NavSource Naval History: Photographic History of the U.S. Navy, Michael Mohl & others,
Navsource is another prime research asset
with new pictures added almost everyday. Also includes pages for virtually every
other type of naval vessel as well.
United States Submarines, David Randall Hinkle, Naval Submarine League, 2002.
A great coffee table book, there is a lot of text to go along with the pictures, many not seen before.
Silent Chase: Submarines of the U.S. Navy, Steve and Yogi Kaufman,
Thomasson-Grant, 1989. Another coffee table book, it covers the modern boats and
probes deeply into the submariner's world.
While this might seem to be a strange source of research material, a well-written
novel by a knowledgeable author can greatly add to the understanding of how a submarine
works. There have been literally hundreds of novels in this genre published, with many
of them being almost worthless. Those listed below are the exceptions:
Run Silent, Run Deep, Edward L. Beach, various publishers, 1955.

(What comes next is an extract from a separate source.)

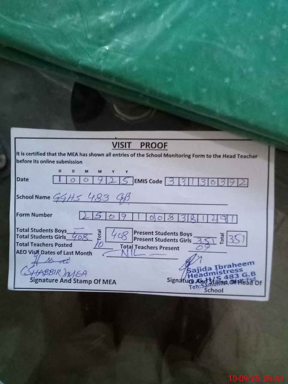 | EMIS Code: 33130392 | Name of School: GGHS CHAK NO 483 GB | |||

This book is the granddaddy of them all and is arguably the best submarine
novel of all time. Along with the sequels Dust on the Sea and Cold is the Sea,
Ned Beach's trilogy makes for great reading and really gets into the mind of our WWII submariners.
Mission Tokyo Bay, & Swordray's First Three Patrols, Clay and Joan Blair,
Bantam Books, 1980. Written by the eminent author of Silent Victory, these two novels
were to have been part of a series, but it never went any further. Both were well written.
The Hunt for Red October, Tom Clancy, Naval Institute Press, 1984.
What can you say about Clancy's masterpiece? If you haven't read this yet, do it. You won't be disappointed.